Zibechi: Systemic chaos in South America


The exhausted Ayacocha gold and copper mine, Peru. It is near the site of the proposed Conga Mine.

The nearly exhausted Yanacocha gold and copper mine, Peru, is an example of extractivism. The Conga Mine has been proposed nearby to replace it and has generated protests.

By: Raúl Zibechi

 I propose understanding the coyuntura (juncture) through which South America passes as the region’s entry into the situation of systemic chaos that the world travels through. I postulate that last weekend’s demonstrations in some of Brazil’s large cities and the internal and external attacks that the Venezuelan government suffers embody a qualitative leap in that direction, in which four large forces are deployed, whose frictions and crashes make for a situation of growing chaos.

The first sentence of the Global trends 2030 report, issued by the United States National Intelligence Council in 2012, emphasizes that in 2030 the world will have suffered “radical changes” and that no country will boast of global hegemony. The agency’s fifth report concludes that power has shifted towards the east and the south and that the Asian economic and strategic space will have exceeded that of Europe and the United States together. We are in full transition towards that world.

Based on that forecast, US elites grapple with the analysis of its principal geo-strategist, Nicholas Spykman. More than half of his work America’s strategy in world politics, published in 1942, is dedicated to the role that the power should play in Latin America, and particularly, in South America. The Brazilian political scientist José Luis Fiori remembers it as well; the key is the separation of a “Mediterranean” Latin America from the rest, which includes Mexico, Central America, the Caribbean, Colombia and Venezuela, as a zone where US supremacy cannot be questioned, “a locked sea” whose keys belong to Washington.

The rest of South America, the countries outside the zone of “immediate hegemony,” is treated only partially different. Spykman proposes that if the big states of the south (Argentina, Brazil and Chile) unite to counterbalance US hegemony, it ought to respond to them by means of war. Fiori laments that the region’s countries, particularly Brazil, may not be as clear about this as the superpower (Valor, 29/1/14).

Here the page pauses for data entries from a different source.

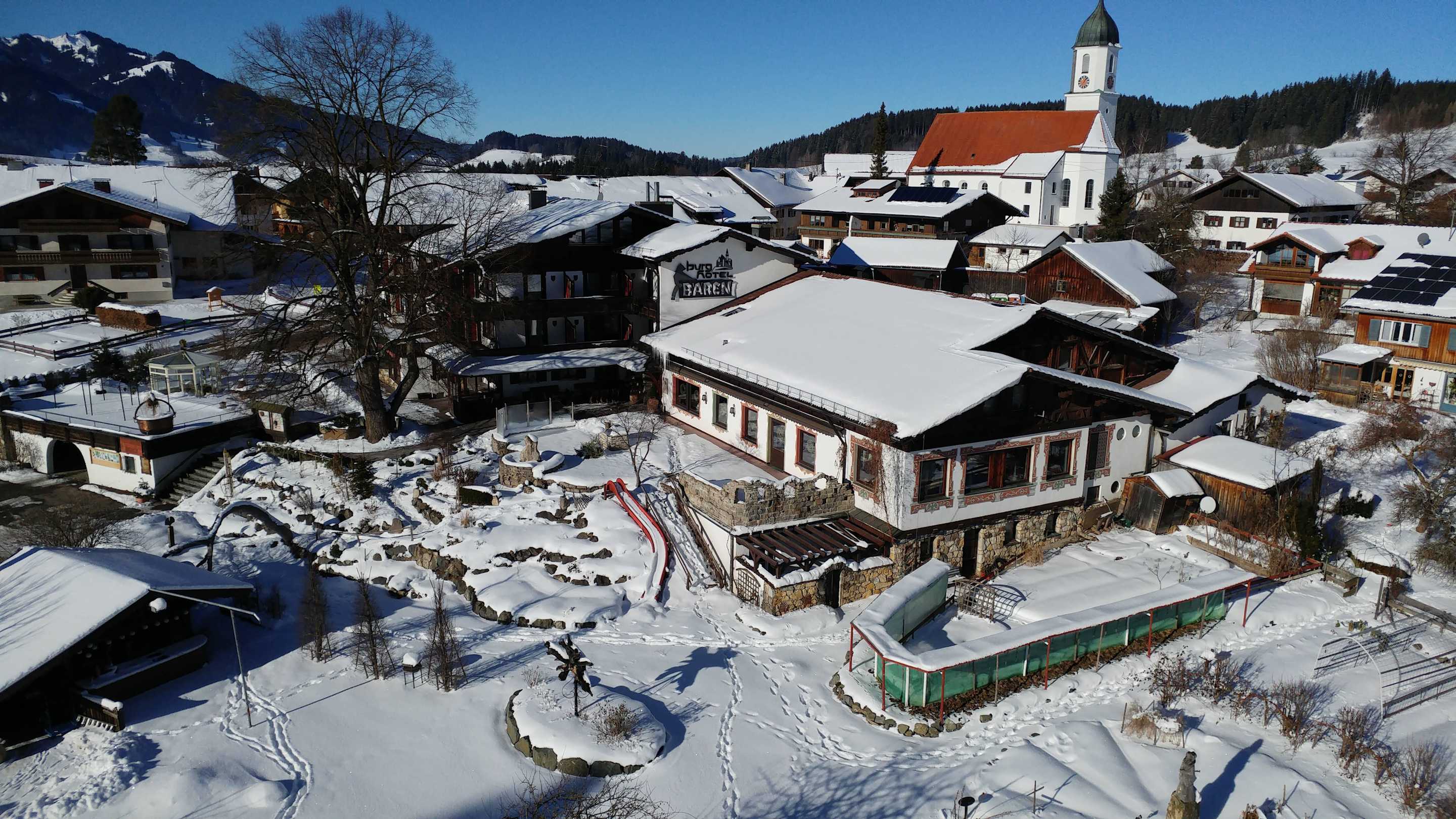 Das Hotel von obenDas verschneite Burghotel Bären von oben ;-)
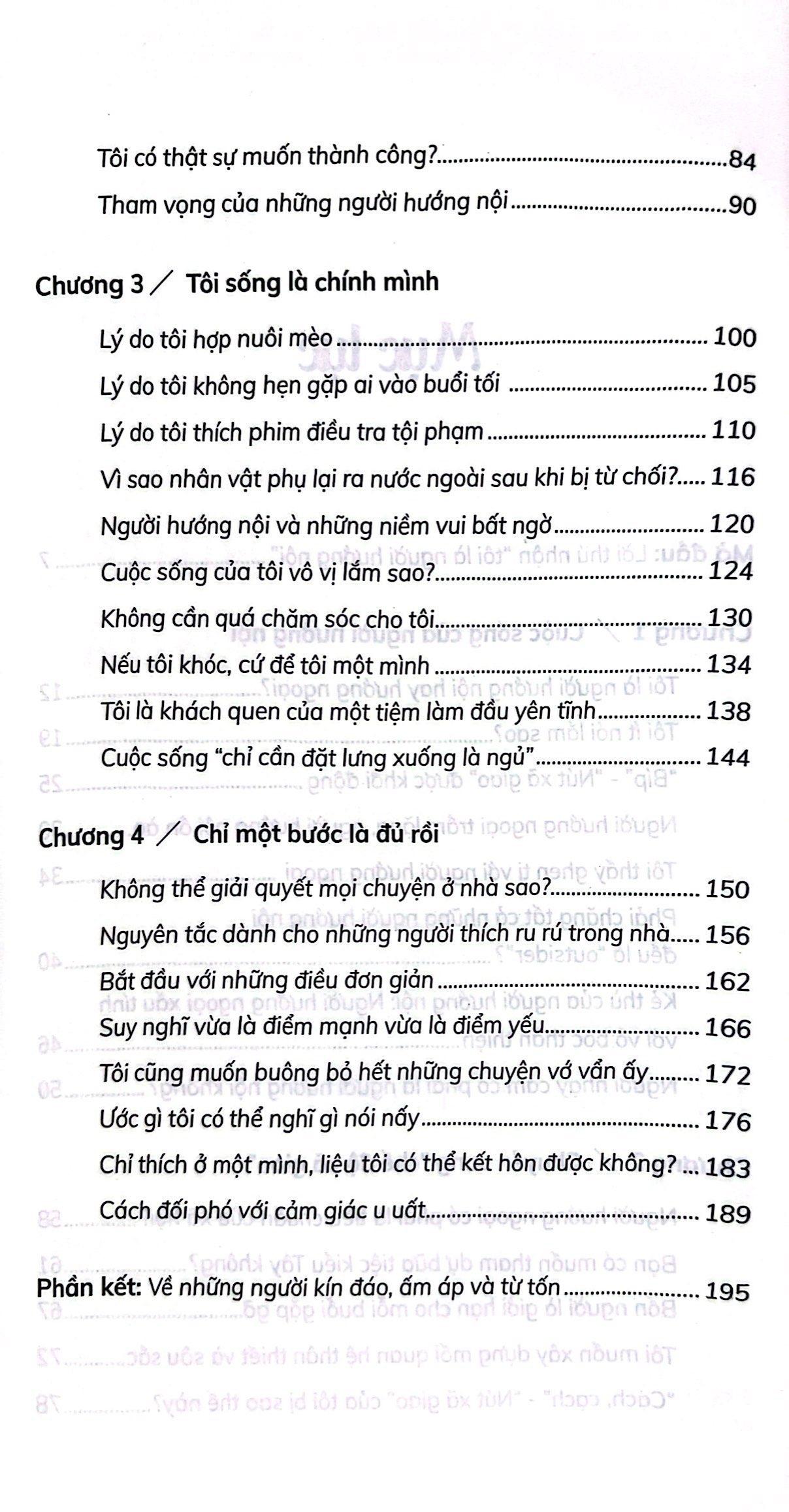Bạn không cần phủ nhận sự nhạy cảm vốn có của bản thân, cũng chẳng cần ghen tị với những người hướng ngoại có vẻ ngoài hào nhoáng, hãy cứ giữ nguyên tốc độ, nhịp điệu và phương pháp giao tiếp của riêng mình. Có thể sẽ hơi chậm một chút, hơi vụng về một chút, hơi cô đơn một chút, thế nhưng bạn sẽ nhận ra, sống là chính mình đem lại sự tự do và niềm hạnh phúc bạn mà chưa từng mường tượng.
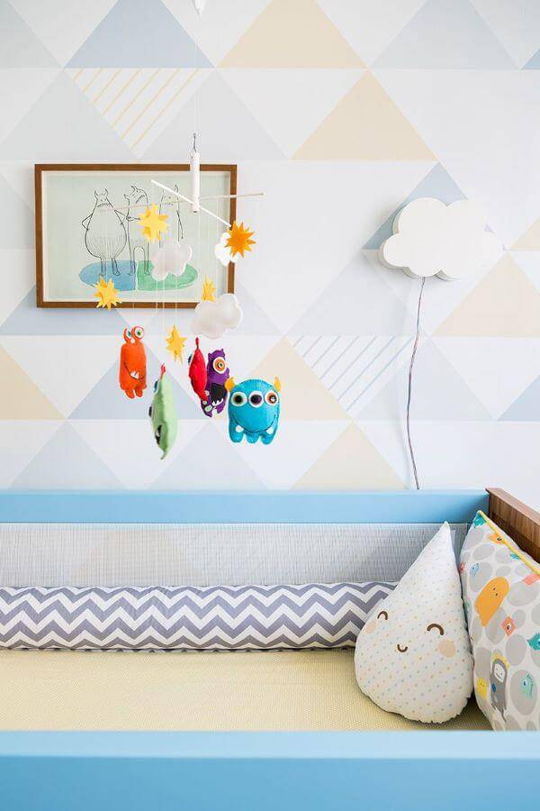 Vamos começar com os temas para quarto de bebê masculino. A dica para acertar nos temas para quarto de bebê masculino é investir em detalhes minimalistas, com estampas geométricas, misturas de cores e enfeites que toda criança ama: ursinhos de pelúcia, bolas coloridas e quadros decorativos.
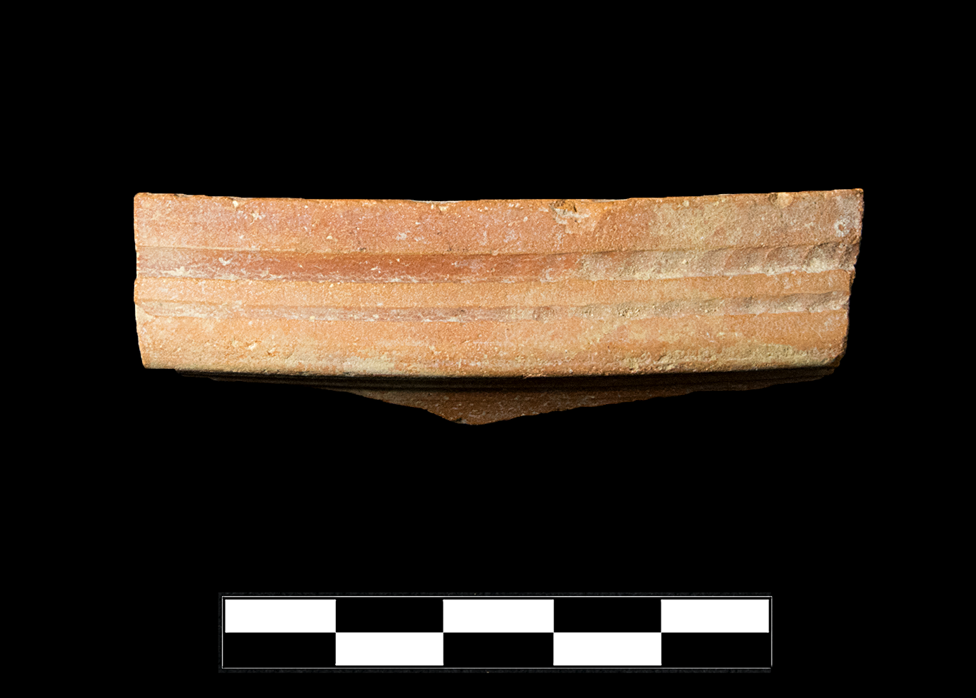 One sherd preserves 8% of rim and small part of upper body. Slight, sparse abrasion and chipping especially round edges; worn breaks; slight patches of encrustation.
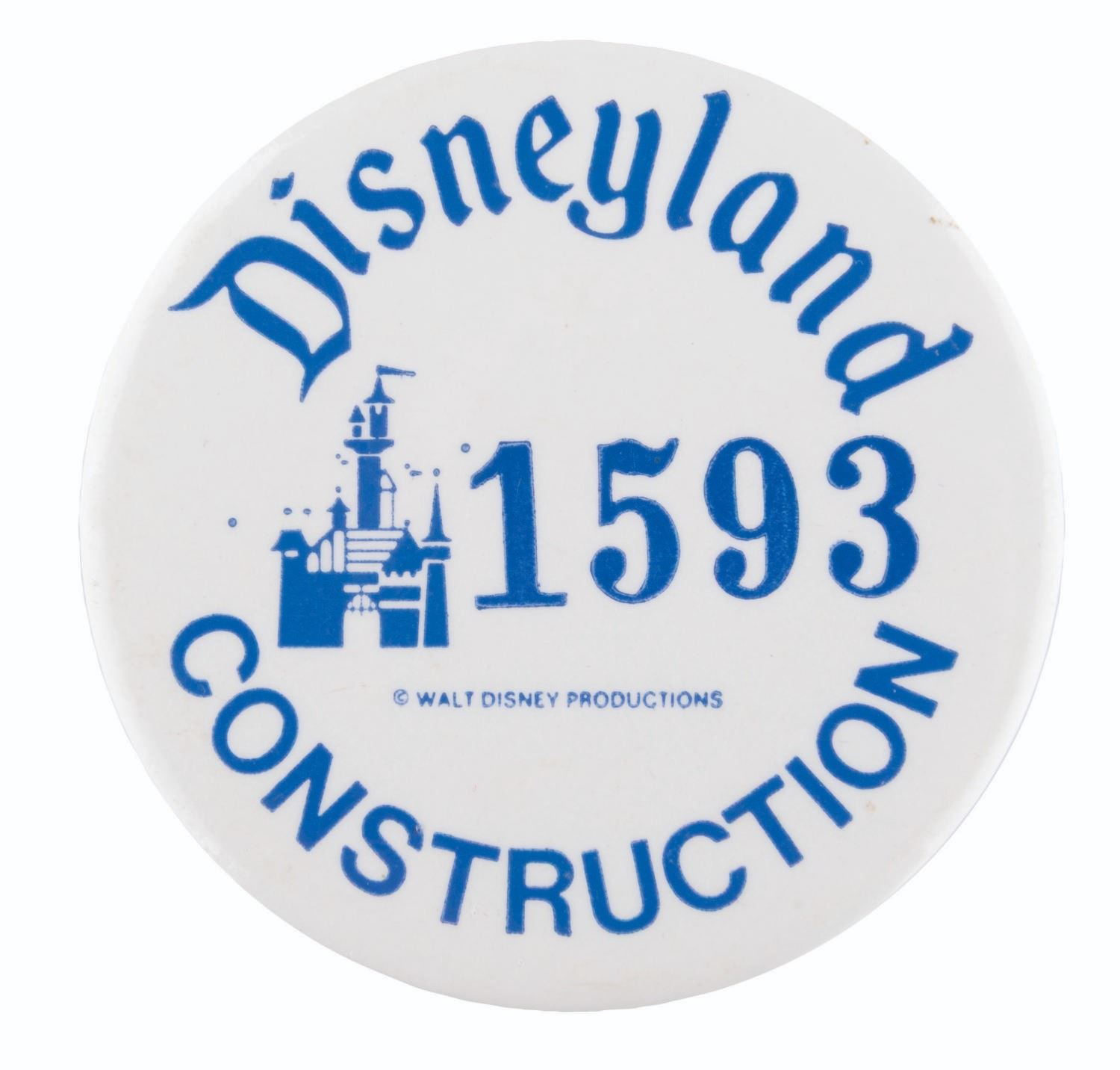 (Disneyland, 1960s-80s) A Disneyland Construction ID button numbered "1593” worn by an outside contractor hired for work at the Park. Measuring 2” in diameter, the button is in very good condition with light tarnish on the reverse.
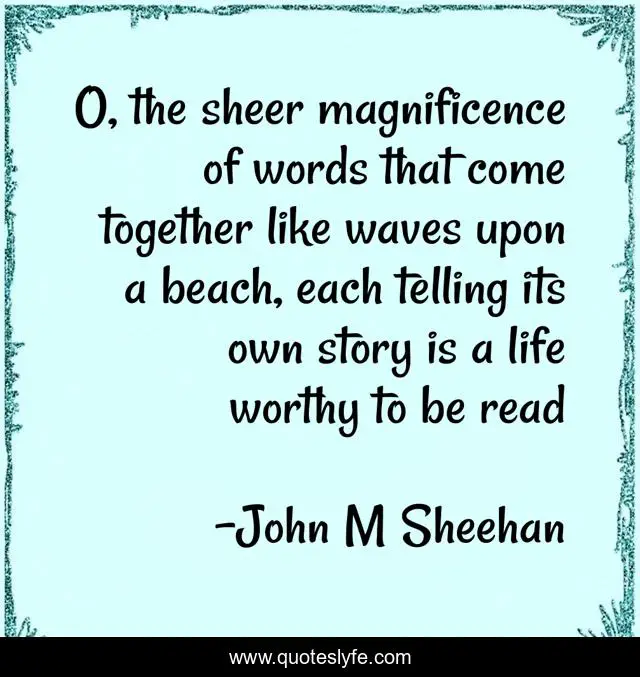 This page presents the quote "O, the sheer magnificence of words that come together like waves upon a beach, each telling its own story is a life worthy to be read". Author of this quote is John M Sheehan. This quote is about words-to-inspire-you, words-have-power, words-to-live-by, words-of-wisdom,.
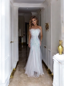 DEL CARMEN – Biała suknia ślubna maxi syrenka z cekinami i piórkami
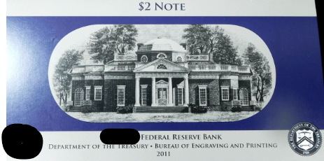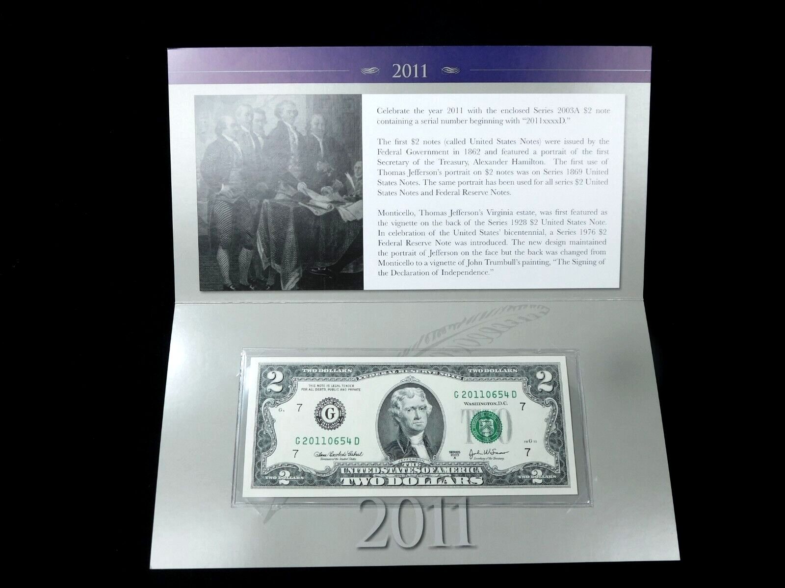 This $2 note, issued in 2003-A by the Bureau of Engraving and Printing (L-San Francisco), comes in uncirculated condition. It is showcased in an official BEP display, and features a unique serial number beginning with 2011*, making it a standout addition for any collector.
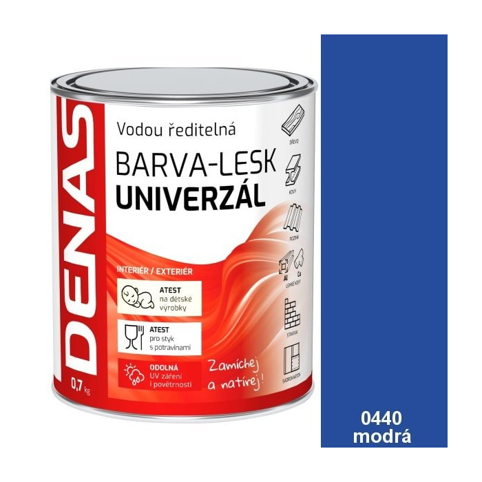 DENAS UNIVERZÁL LESK je vodou riediteľný akrylátový email určený pre vrchné nátery v interiéroch aj v exteriéroch. Farba spĺňa podmienky pre použitie na detské hračky a pre styk s potravinami. Použitie: Vrchné krycie nátery kovových, drevených a iných stavebných materiálov v exteriéroch aj interiéroch. Najčastejšie úpravy dverí, zárubní, zábradlí, okien, obkladov, záhradného nábytku, plechových striech apod. Farba je vhodná aj na renováciu starých náterov okien a dverí.
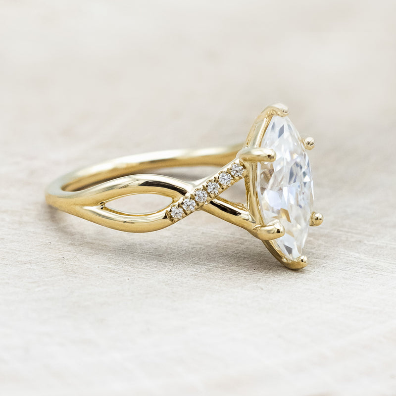 "ROSLYN" - MARQUISE CUT MOISSANITE ENGAGEMENT RING WITH DIAMOND ACCENTS
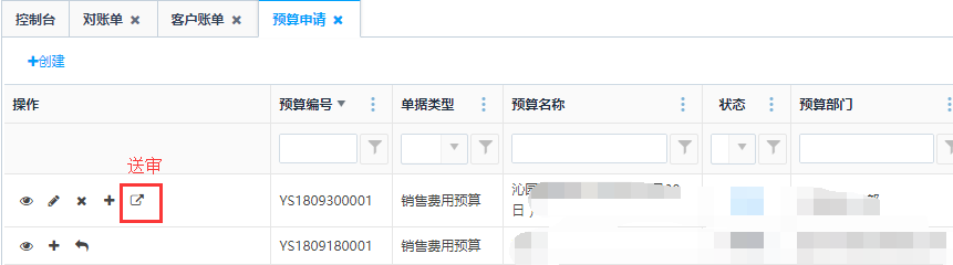对于"草稿"状态的预算申请单可点击操作栏的<送审>按钮,单据状态转换为"待审批",将不能再进行修改和删除操作。
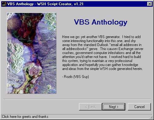 "WSHVGen is a small script generator -this version only for VBS- that allows you to make simple viruses that work in WSH. You need a net-browser that supports javascript to use it. WSHVGen is easy to use: Fill the following form to generate a new script. Note than Infection Sign must include only:- @ · # $ % | ª º ç ¦ * like symbols. The generated virus infects all VBS files in current directory. If not infects at least one file, then shows a payload (a popup message). Too simple, just to learn. "
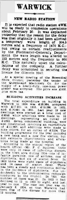 Discussions were held in 1930 for a radio station at Warwick. It was initially proposed that the station would simply be a relay station for the Australian Broadcasting Company’s National Broadcasting Service. However, the plans never eventuated. (Wikipedia 2025)
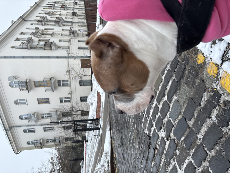 The image captures an urban street scene in Minsk, Belarus, under winter conditions. The primary subject in the foreground is the right profile of a brown and white American Bully type dog. The dog is outfitted in a bright pink garment, possibly a jacket, with a black harness strap visible underneath, and its head is turned towards the left of the frame. The ground consists of dark grey rectangular cobblestones, partially covered with white snow and ice. Yellow road markings are visible on the cobblestones in the lower right area. In the midground, a snow-covered paved incline ascends to the left, bordered by a black metal fence and gate system. Piles of snow are accumulated along the edges of the paved areas. The background is dominated by a multi-story, light-colored building, identified as Internatsionalnaya Street, 10, located near the intersection of Internatsionalnaya Street and Kirill and Mefodiy Street. This building exhibits classical architectural elements, including multiple arched windows and balconies fitted with ornate metal railings. Two satellite dishes are affixed to the upper left facade of the structure. Bare deciduous trees are present in front of and surrounding the building. The sky is overcast and uniformly light grey.
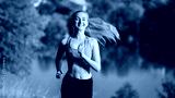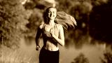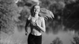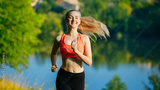 young blond woman running on nature. A sports girl in a red T-shirt runs along the park near the river.
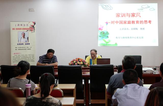 為深入貫徹習(xí)近平總書(shū)記關(guān)于家庭建設(shè)、家風(fēng)建設(shè)的系列重要講話精神,大力弘揚(yáng)中華傳統(tǒng)家庭美德,以好家風(fēng)促黨風(fēng)政風(fēng)校風(fēng)學(xué)風(fēng),營(yíng)造風(fēng)清氣正的好環(huán)境。2016年10月21日上午,福建師范大學(xué)文學(xué)院教授、福州市社區(qū)大學(xué)客座教授翁銀陶先生應(yīng)邀蒞臨學(xué)院廣達(dá)路校區(qū),為電大與繼續(xù)教育中心全體教職工做“家訓(xùn)與家風(fēng)”主題教育講座,講座由黨支部書(shū)記陳寶龍主持。
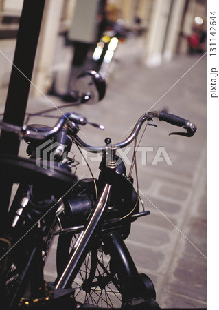ローマの旧市街地 歩道に停められている古いモペット(ガレリチーム)

Three forces are undermining United States hegemony in both zones: 1) China, 2) the progressive governments and 3) the popular movements. Together, we have four forces in dispute, whose collision will define the Latin American scenario for a long time. In some ways, they represent the roles that the Spanish (and Portuguese), English, Creoles and popular sectors played during the wars for independence.

The first of those forces, the United States, counts on military, economic and diplomatic power, besides powerful allies, so as to destabilize those that oppose it. Certainly, it no longer has an almost absolute power like the power that permitted it to unleash State coups to discipline the region at its whim, like in the 1960s and 70s.

The second force, China, is basically deploying economic and financial power. It has made strong investments in Venezuela, Argentina and Ecuador, it maintains important relations with Brazil and Cuba, and risky projects (for the United States) go forward like the Nicaragua Canal, which will compete with the Panama Canal. The first China-CELAC Forum, held in January in Peking, is a sample of the advance of Chinese relations with Latin America and it announces that this process is not going to stop.

The third force, the progressive governments, is the most vacillating and contradictory. On the one hand, they are supported in the emerging countries, above all China, and in a lesser measure Russia. On the other hand, they support the extractive model, which implies an alliance with China (and others), but, above all, it is a mode of accumulation that strengthens the right and the bourgeoisies, just as the industrial model strengthened workers, unions and left parties.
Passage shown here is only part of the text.